AVAILABLE DATA START

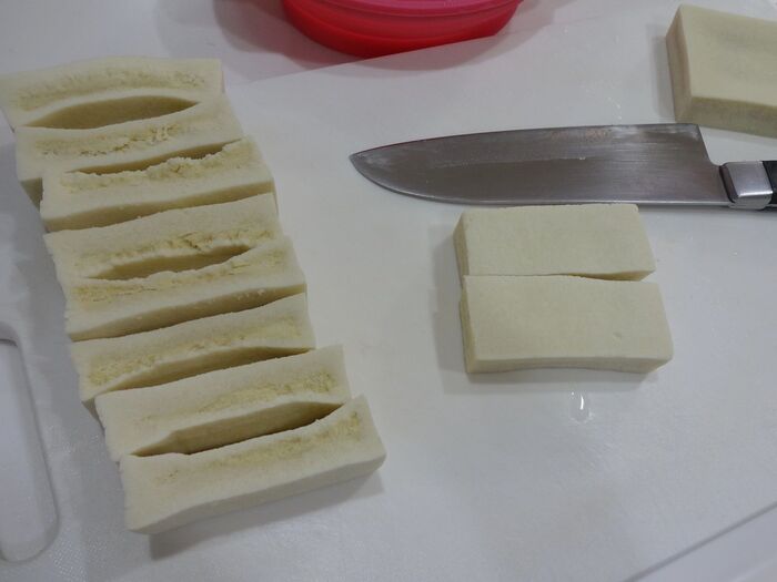 今回は少しは早めの30秒ほど水に浸して、半分にカットします('ω')ノ
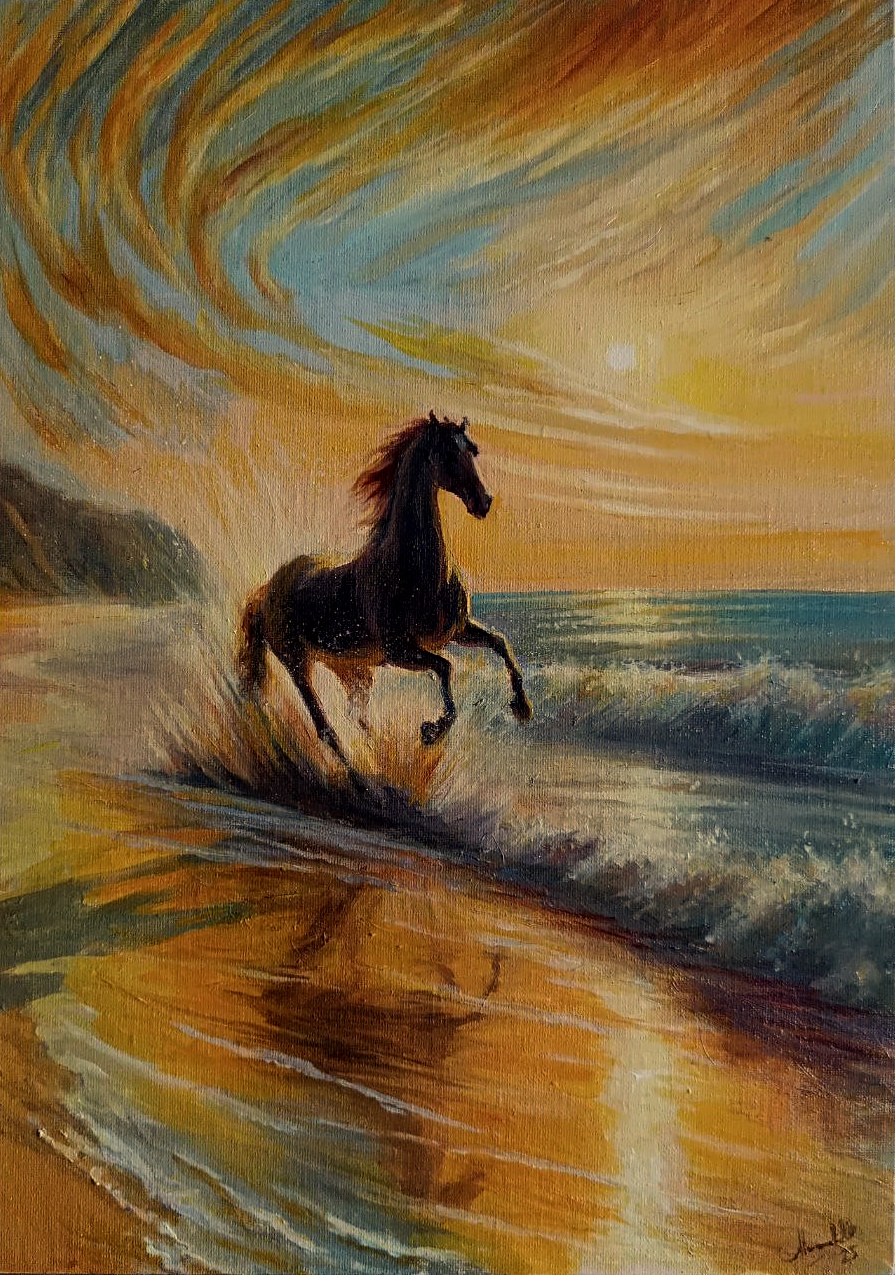 The painting depicts a dark silhouette of a horse running along a sandy beach. The horse is positioned in the center of the composition and moves from left to right. In the background, waves can be seen rolling onto the shore.
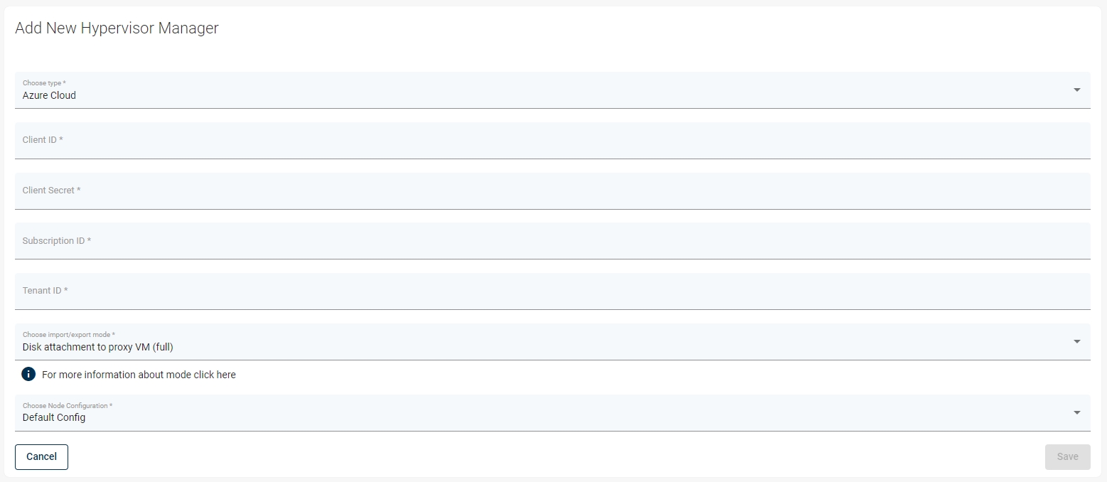 To properly configure your Azure Cloud account, go to Storware Backup & Recovery WebUI -> Virtual Environments -> Infrastructure -> Hypervisor Managers and click create button.
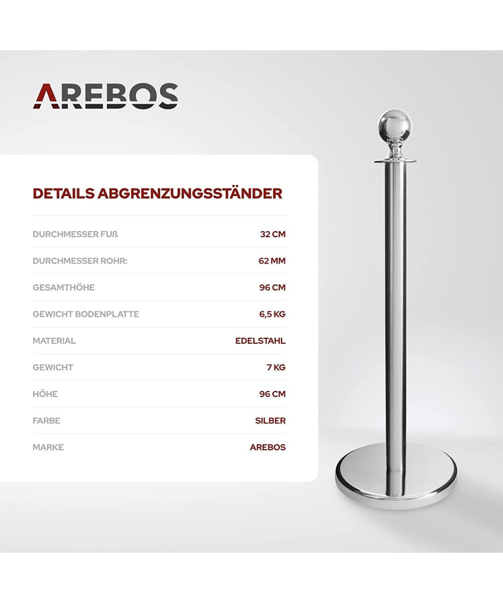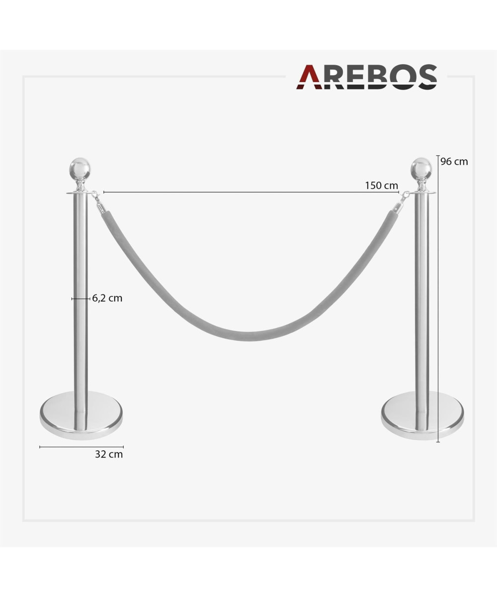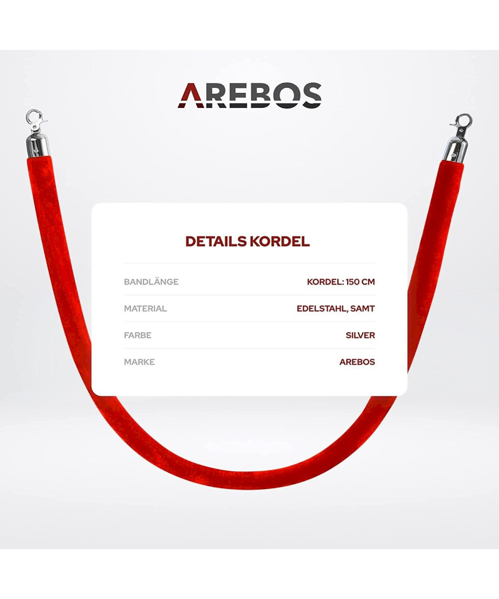 Combinez les poteaux de démarcation AREBOS avec un tapis rouge devant l'entrée de votre emplacement ‒ et en un rien de temps vos visiteurs se sentiront comme de vrais VIP... Il n'y a pas de limites à votre créativité quand il s'agit des utilisations possibles de la corde des poteaux. - Cordon rouge au fini velouté

AVAILABLE DATA END

### WHAT TO WORK ON
Output all data exactly, omitting images.

### OUTPUT OF THE EXERCISE
 今回は少しは早めの30秒ほど水に浸して、半分にカットします('ω')ノ
 The painting depicts a dark silhouette of a horse running along a sandy beach. The horse is positioned in the center of the composition and moves from left to right. In the background, waves can be seen rolling onto the shore.
 To properly configure your Azure Cloud account, go to Storware Backup & Recovery WebUI -> Virtual Environments -> Infrastructure -> Hypervisor Managers and click create button.
 Combinez les poteaux de démarcation AREBOS avec un tapis rouge devant l'entrée de votre emplacement ‒ et en un rien de temps vos visiteurs se sentiront comme de vrais VIP... Il n'y a pas de limites à votre créativité quand il s'agit des utilisations possibles de la corde des poteaux. - Cordon rouge au fini velouté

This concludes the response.